Au Festival d’Art Métis, un auteur nigérien présente "Tiens bon, Bonkano !"

24 novembre 2003

Il a le rire facile et le sens de la formule qui fait mouche. Alfred Dogbé n’a pas non plus sa langue dans sa poche. La pièce qu’il présente dans le cadre du Festival d’Art Métis a pour titre "Tiens bon, Bonkano", jouée par un acteur nigérien lui aussi, Saleh Ado Mahamat. « C’est avant tout le fruit d’une recherche collective, d’un discours qui pourrait trouver prise dans la vie quotidienne de nos compatriotes et qui, en même temps, nous permet de développer quelque chose de notre ambition collective ».

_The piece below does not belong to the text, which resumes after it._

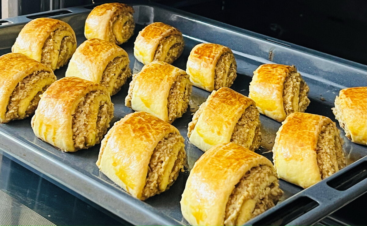 Не забудьте смазать рулеты молоком для золотистой корочки. Выпекайте при температуре 180 градусов около 25 минут – и вкусные рулеты готовы к подаче!

Parce que, hâtons-nous de la préciser, même si c’est Alfred Dogbé qui s’exprime le plus volontiers, ses deux complices, l’acteur et également metteur en scène, Saleh Ado Mahamat, et Cheick Amadou, régisseur, ne sont jamais bien loin. Et puis, comment dire ? C’est certainement le propre d’un auteur que de savoir faire voyager, de transporter ses contemporains, tandis qu’ils restent assis sur leur chaise.
Ainsi, sous un petit chapiteau jouxtant le Dépôt de Rhum, surchauffé par un torride soleil approchant du zénith, Alfred nous a carrément emmené séance tenante dans son Niger natal. Oh, pas pour un circuit touristique, mais pour au contraire mieux faire connaître l’univers dans lequel ses amis et lui pataugent quotidiennement, dans une démocratie tout juste naissante…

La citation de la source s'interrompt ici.